* TASK ITEM *
Shown below is a listing with pictures; reproduce exactly, and only, the lines between the ones containing "[서울=뉴스핌] 정일구 기자" and "La jupe ample", inclusive, leaving the pictures out.

* RECORDS FOR THE EXERCISE *
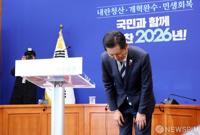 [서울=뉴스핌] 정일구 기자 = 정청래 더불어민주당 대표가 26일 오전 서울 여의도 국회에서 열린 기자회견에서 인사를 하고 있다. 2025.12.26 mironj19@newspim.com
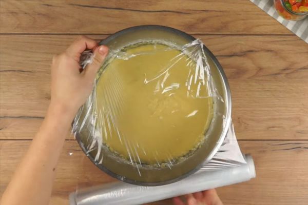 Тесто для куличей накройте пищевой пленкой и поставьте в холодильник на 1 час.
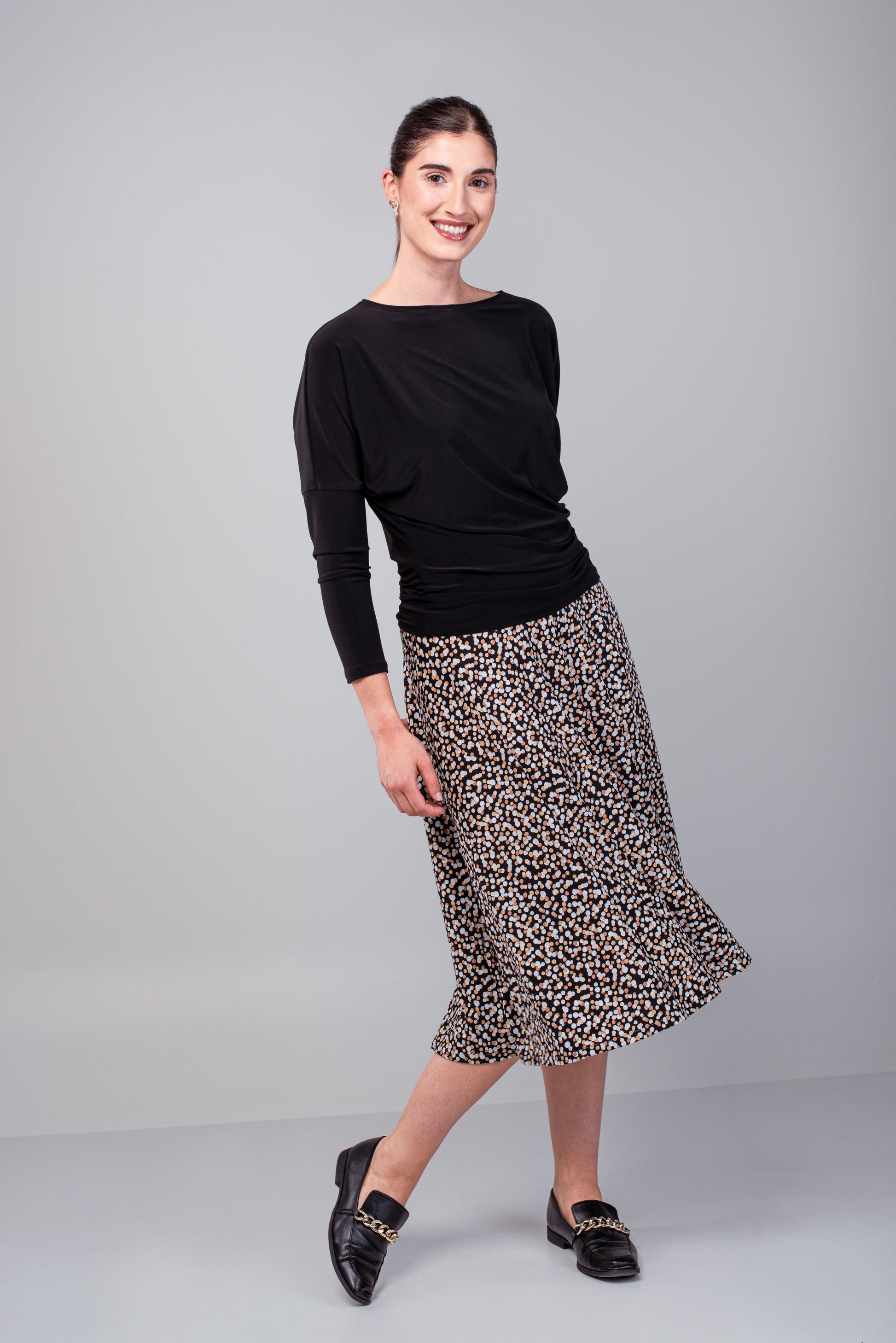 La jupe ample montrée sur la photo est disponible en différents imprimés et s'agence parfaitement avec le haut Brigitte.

--

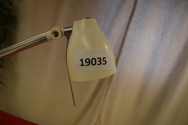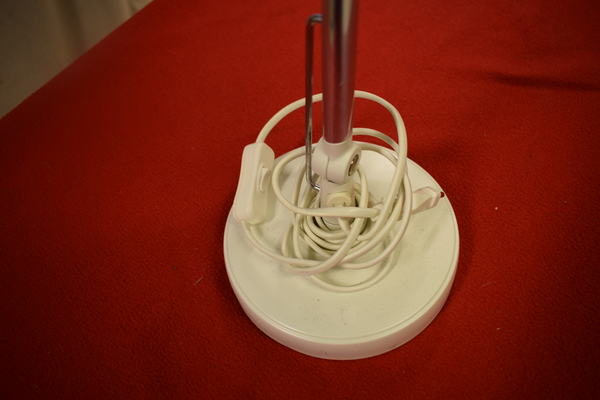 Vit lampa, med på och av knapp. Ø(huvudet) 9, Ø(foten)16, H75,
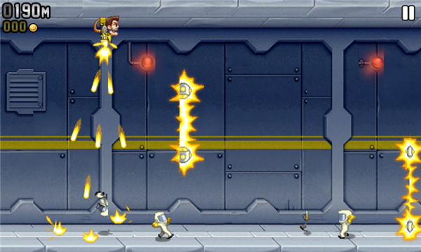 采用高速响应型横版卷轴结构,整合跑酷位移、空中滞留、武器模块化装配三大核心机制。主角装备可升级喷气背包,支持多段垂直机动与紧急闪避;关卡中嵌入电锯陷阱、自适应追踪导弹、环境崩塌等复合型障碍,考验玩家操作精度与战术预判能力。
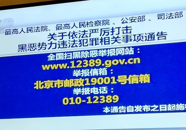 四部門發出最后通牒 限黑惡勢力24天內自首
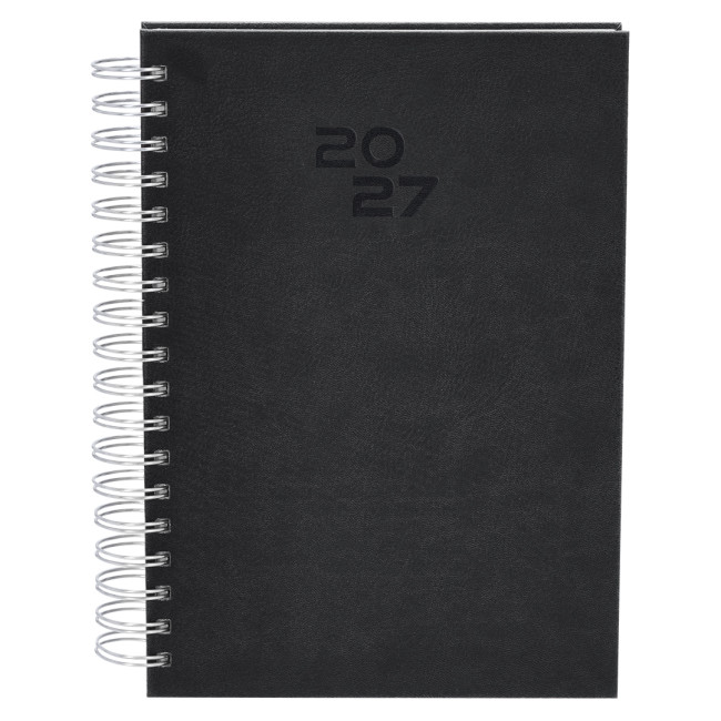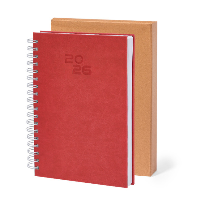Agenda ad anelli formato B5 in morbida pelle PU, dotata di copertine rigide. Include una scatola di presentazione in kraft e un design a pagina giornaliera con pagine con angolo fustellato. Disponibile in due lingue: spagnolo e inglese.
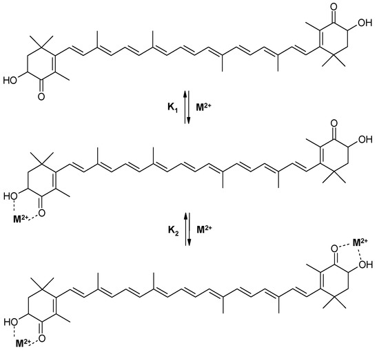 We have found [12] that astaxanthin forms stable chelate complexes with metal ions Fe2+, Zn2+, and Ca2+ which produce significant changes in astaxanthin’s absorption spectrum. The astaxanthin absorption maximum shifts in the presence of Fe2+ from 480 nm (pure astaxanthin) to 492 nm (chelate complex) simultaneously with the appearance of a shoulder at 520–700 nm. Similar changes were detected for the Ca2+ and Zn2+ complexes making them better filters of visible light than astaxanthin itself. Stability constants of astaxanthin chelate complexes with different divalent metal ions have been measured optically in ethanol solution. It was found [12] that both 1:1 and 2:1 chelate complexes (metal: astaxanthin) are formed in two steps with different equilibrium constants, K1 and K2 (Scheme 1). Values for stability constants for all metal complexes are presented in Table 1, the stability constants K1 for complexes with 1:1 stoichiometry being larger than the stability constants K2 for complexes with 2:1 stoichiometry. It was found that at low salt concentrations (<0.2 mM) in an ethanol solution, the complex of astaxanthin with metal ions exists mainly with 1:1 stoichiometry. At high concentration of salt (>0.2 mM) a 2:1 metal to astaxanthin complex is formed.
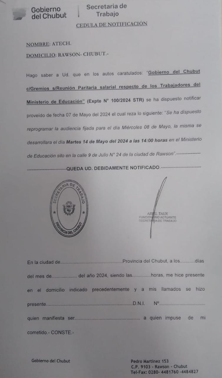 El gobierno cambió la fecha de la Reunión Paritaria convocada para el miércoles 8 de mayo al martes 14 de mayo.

* ANSWER *
 [서울=뉴스핌] 정일구 기자 = 정청래 더불어민주당 대표가 26일 오전 서울 여의도 국회에서 열린 기자회견에서 인사를 하고 있다. 2025.12.26 mironj19@newspim.com
 Тесто для куличей накройте пищевой пленкой и поставьте в холодильник на 1 час.
 La jupe ample montrée sur la photo est disponible en différents imprimés et s'agence parfaitement avec le haut Brigitte.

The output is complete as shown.